Leaving out the pictures, return word for word the stretch of entries below from the line holding "Abaixo, você pode" through the line holding "Stroud is the".

* Study material:
+ + + +

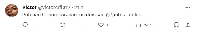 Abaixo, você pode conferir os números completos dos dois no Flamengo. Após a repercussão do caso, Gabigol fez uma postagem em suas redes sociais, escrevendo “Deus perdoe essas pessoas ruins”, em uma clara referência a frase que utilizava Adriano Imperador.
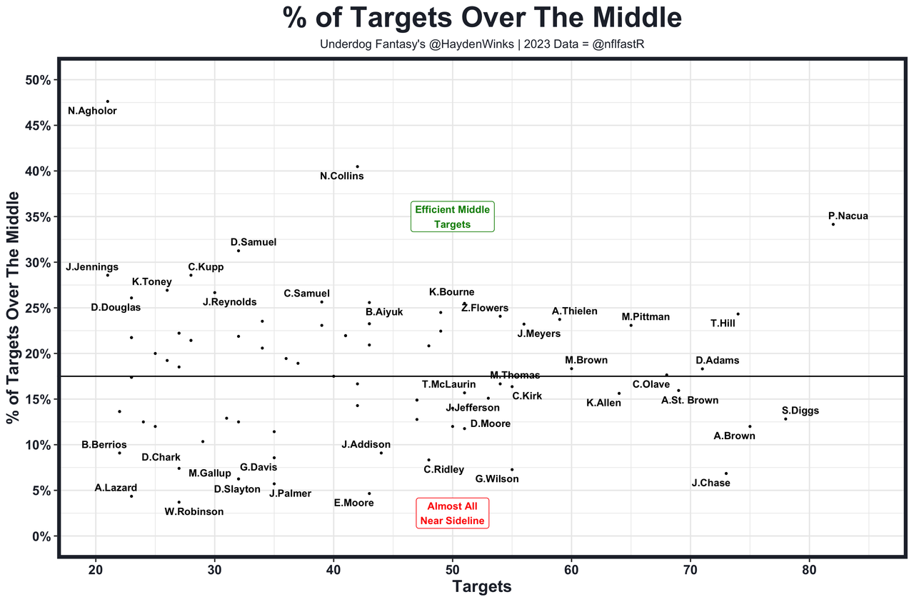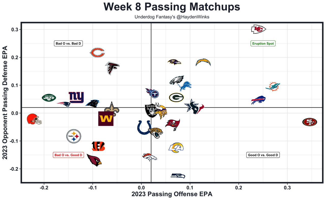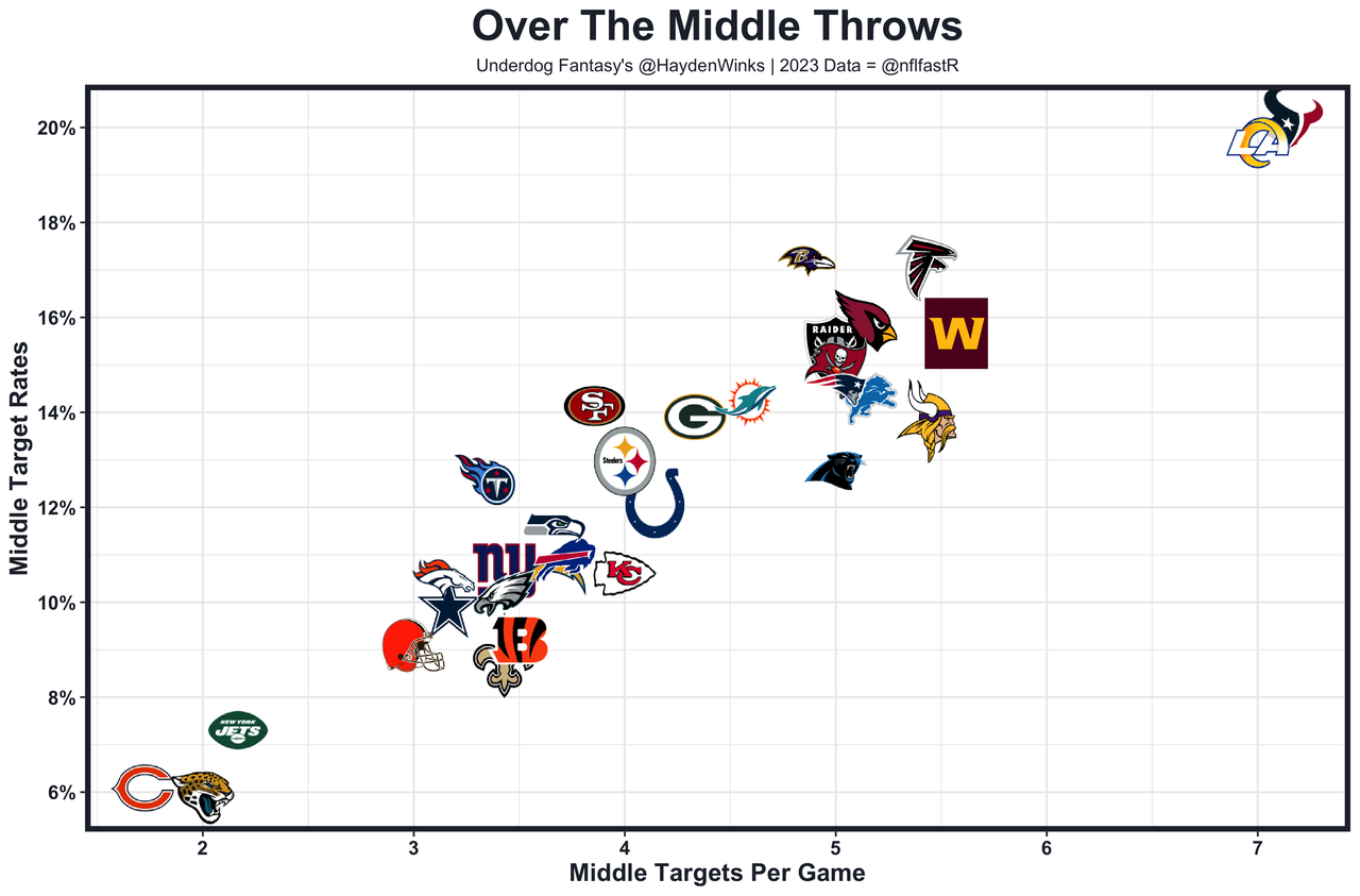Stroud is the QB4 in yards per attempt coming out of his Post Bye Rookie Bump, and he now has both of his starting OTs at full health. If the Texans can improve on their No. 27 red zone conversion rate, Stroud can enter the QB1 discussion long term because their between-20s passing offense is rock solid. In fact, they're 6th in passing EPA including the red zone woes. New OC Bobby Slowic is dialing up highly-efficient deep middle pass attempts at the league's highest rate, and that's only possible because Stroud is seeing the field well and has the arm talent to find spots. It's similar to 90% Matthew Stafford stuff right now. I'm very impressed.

+ + + +

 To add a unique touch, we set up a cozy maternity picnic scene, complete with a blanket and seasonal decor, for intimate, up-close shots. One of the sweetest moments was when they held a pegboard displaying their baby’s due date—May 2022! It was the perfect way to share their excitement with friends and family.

+ + + +

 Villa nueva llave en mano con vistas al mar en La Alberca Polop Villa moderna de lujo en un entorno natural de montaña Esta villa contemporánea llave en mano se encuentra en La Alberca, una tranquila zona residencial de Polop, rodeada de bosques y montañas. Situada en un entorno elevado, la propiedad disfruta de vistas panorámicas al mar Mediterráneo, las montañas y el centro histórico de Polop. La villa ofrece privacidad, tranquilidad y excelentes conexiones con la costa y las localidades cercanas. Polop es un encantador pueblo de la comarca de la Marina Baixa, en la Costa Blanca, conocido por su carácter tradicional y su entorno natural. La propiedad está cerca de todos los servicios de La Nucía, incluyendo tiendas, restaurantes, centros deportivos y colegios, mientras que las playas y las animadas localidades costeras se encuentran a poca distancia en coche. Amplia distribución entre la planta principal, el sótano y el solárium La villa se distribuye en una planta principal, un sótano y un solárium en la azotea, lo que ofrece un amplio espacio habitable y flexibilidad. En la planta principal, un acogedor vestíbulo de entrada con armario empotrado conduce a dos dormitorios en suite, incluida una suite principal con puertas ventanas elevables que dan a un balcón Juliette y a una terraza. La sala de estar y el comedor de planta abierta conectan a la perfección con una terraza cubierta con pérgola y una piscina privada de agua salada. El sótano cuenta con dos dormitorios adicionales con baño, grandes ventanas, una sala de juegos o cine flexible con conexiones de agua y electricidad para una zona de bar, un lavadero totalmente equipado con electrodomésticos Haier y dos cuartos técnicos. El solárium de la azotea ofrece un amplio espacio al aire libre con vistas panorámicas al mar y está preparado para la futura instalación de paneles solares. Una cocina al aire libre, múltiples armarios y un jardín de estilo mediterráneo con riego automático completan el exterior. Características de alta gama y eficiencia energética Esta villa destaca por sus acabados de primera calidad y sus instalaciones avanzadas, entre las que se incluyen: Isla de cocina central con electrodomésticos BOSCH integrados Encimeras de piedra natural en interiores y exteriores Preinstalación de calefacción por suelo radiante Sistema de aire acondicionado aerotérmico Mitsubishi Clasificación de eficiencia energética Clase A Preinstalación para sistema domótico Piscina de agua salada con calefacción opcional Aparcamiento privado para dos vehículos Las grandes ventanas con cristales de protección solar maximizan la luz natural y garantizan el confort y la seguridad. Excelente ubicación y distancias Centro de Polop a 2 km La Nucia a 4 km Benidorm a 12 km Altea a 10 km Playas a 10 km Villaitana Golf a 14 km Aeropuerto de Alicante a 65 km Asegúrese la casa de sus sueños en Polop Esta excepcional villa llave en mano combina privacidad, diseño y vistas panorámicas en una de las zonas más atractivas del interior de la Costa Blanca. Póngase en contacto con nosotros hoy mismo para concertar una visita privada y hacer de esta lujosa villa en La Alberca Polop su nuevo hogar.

+ + + +

* Output of the exercise:
 Abaixo, você pode conferir os números completos dos dois no Flamengo. Após a repercussão do caso, Gabigol fez uma postagem em suas redes sociais, escrevendo “Deus perdoe essas pessoas ruins”, em uma clara referência a frase que utilizava Adriano Imperador.
Stroud is the QB4 in yards per attempt coming out of his Post Bye Rookie Bump, and he now has both of his starting OTs at full health. If the Texans can improve on their No. 27 red zone conversion rate, Stroud can enter the QB1 discussion long term because their between-20s passing offense is rock solid. In fact, they're 6th in passing EPA including the red zone woes. New OC Bobby Slowic is dialing up highly-efficient deep middle pass attempts at the league's highest rate, and that's only possible because Stroud is seeing the field well and has the arm talent to find spots. It's similar to 90% Matthew Stafford stuff right now. I'm very impressed.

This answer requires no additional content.